Repeat the data as given. Images do not go in the copy.
*** Data provided ***
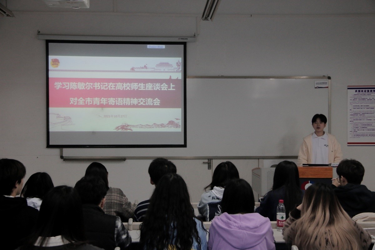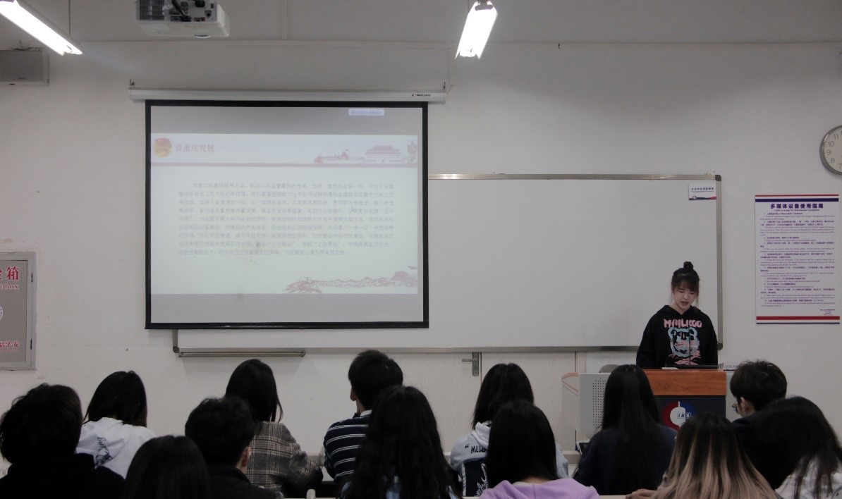 随后,学生会主席团成员金亦程同学介绍了学习交流会的第二部分,“说重庆生活”。陈书记在座谈会上表示,当前,重庆与全国一样,开启了全面建设社会主义现代化的新征程,紧紧围绕把习近平总书记殷殷嘱托全面落实在重庆大地上这条主线,坚持从全局谋划一域、以一域服务全局,立足新发展阶段、贯彻新发展理念、融入新发展格局,奋力谱写重庆高质量发展、高品质生活新篇章。金亦程同学总结道,我们作为在重庆学习生活的青年,应该关心关注重庆发展,思考自己能在重庆现代化建设进程中起到什么作用,贡献什么力量。
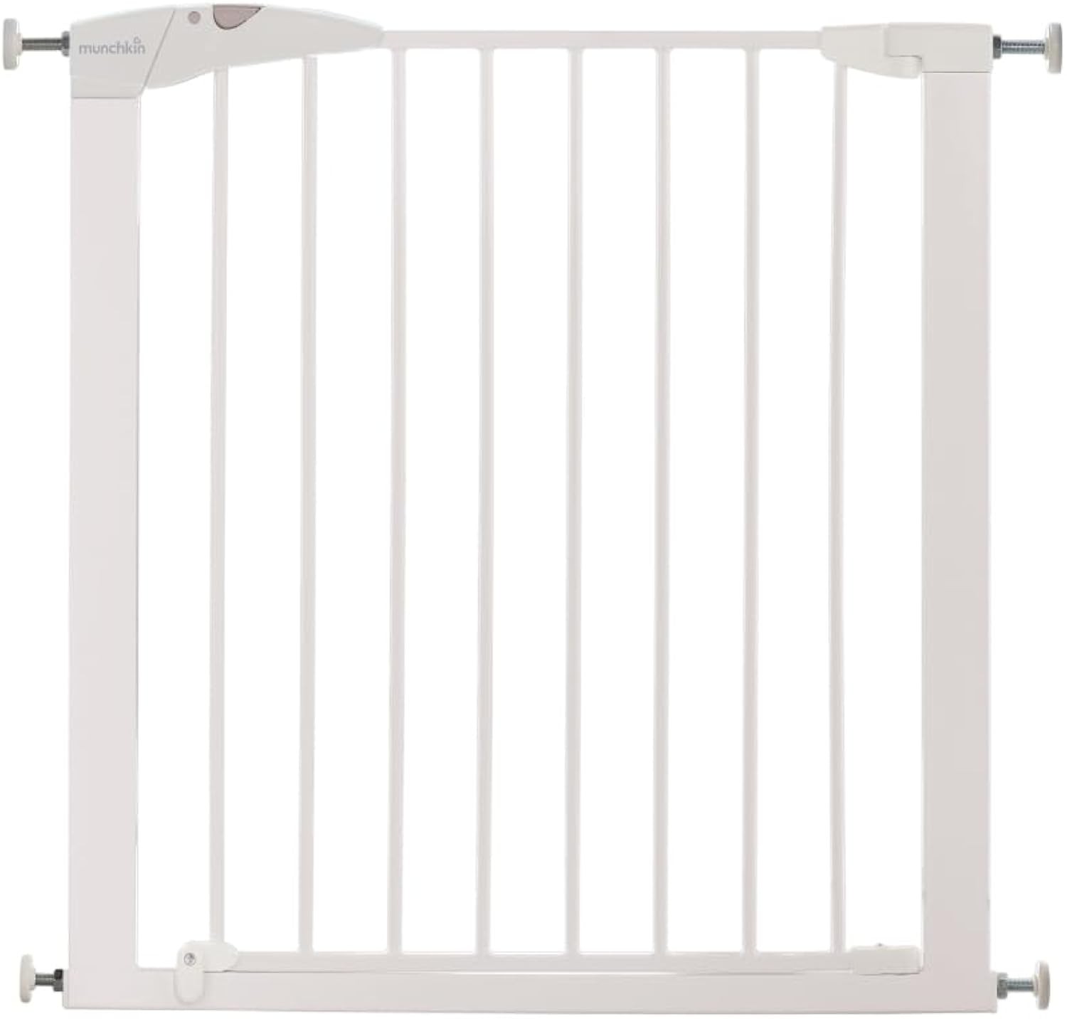 Munchkin Stair Gate Maxi Secure Toddler & Baby Gate 76-82cm extends up to 117cm with separately sold extensions | Pressure Fit Baby Safety & Dog Gate for Doorways | No-Screw Install Child Gate, White
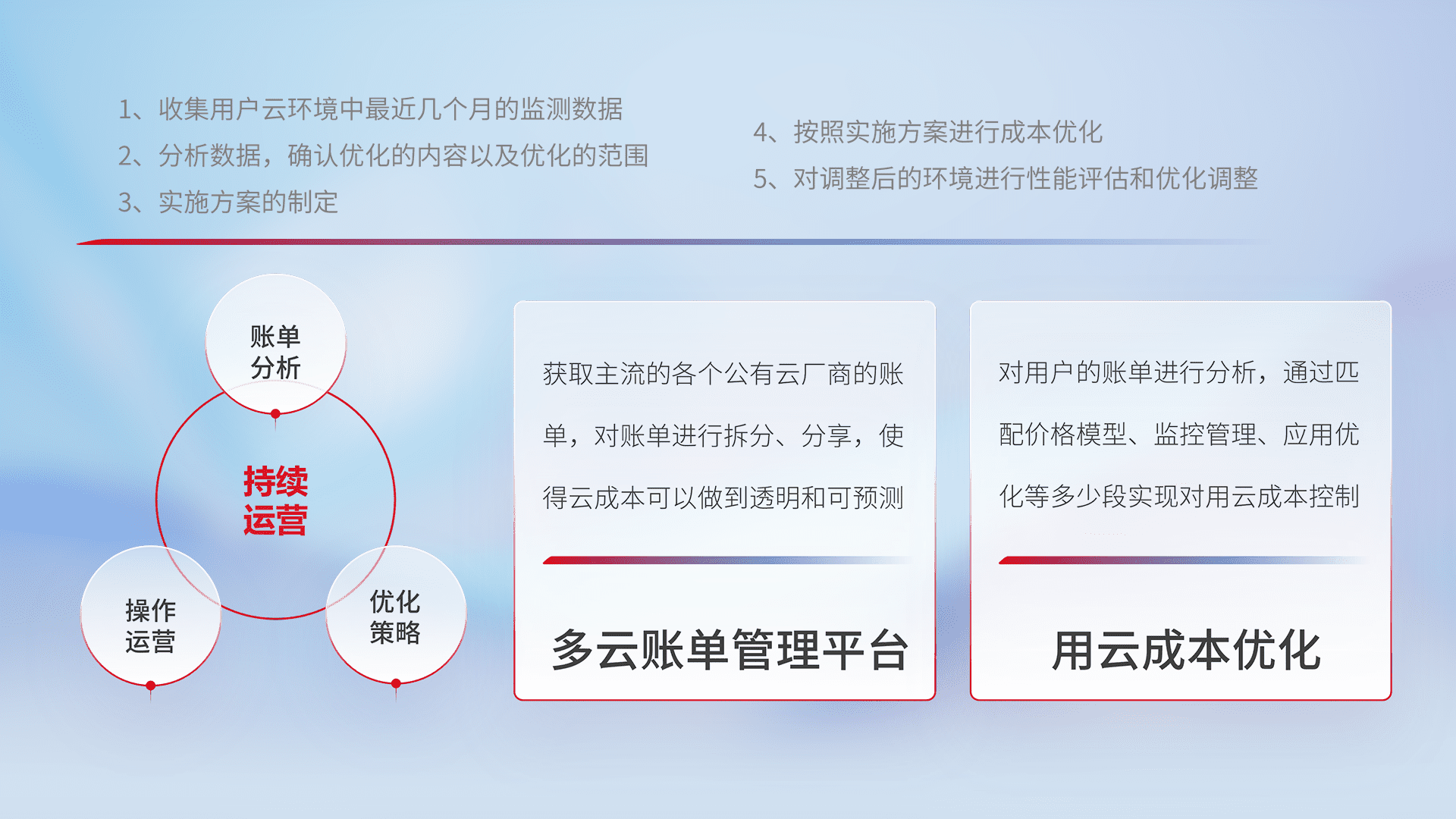 通过多云纳管,,以统一的资源数据模型把客户的云资源进行抽象和封装,,,进而实现对多云资源的统一操作,,,保障云资源管理的可靠性、、、稳定性与可用性。。。量身定制化运维内容,,配置、、开发运维、、补丁管理、、备份、、、监控、、、、认证和访问管理、、、审计和日常巡检等,,,保障在用云过程中的可靠度,,,稳定度以及高可用率。。。
*** End of Data provided ***
• [Result]
 随后,学生会主席团成员金亦程同学介绍了学习交流会的第二部分,“说重庆生活”。陈书记在座谈会上表示,当前,重庆与全国一样,开启了全面建设社会主义现代化的新征程,紧紧围绕把习近平总书记殷殷嘱托全面落实在重庆大地上这条主线,坚持从全局谋划一域、以一域服务全局,立足新发展阶段、贯彻新发展理念、融入新发展格局,奋力谱写重庆高质量发展、高品质生活新篇章。金亦程同学总结道,我们作为在重庆学习生活的青年,应该关心关注重庆发展,思考自己能在重庆现代化建设进程中起到什么作用,贡献什么力量。
 Munchkin Stair Gate Maxi Secure Toddler & Baby Gate 76-82cm extends up to 117cm with separately sold extensions | Pressure Fit Baby Safety & Dog Gate for Doorways | No-Screw Install Child Gate, White
 通过多云纳管,,以统一的资源数据模型把客户的云资源进行抽象和封装,,,进而实现对多云资源的统一操作,,,保障云资源管理的可靠性、、、稳定性与可用性。。。量身定制化运维内容,,配置、、开发运维、、补丁管理、、备份、、、监控、、、、认证和访问管理、、、审计和日常巡检等,,,保障在用云过程中的可靠度,,,稳定度以及高可用率。。。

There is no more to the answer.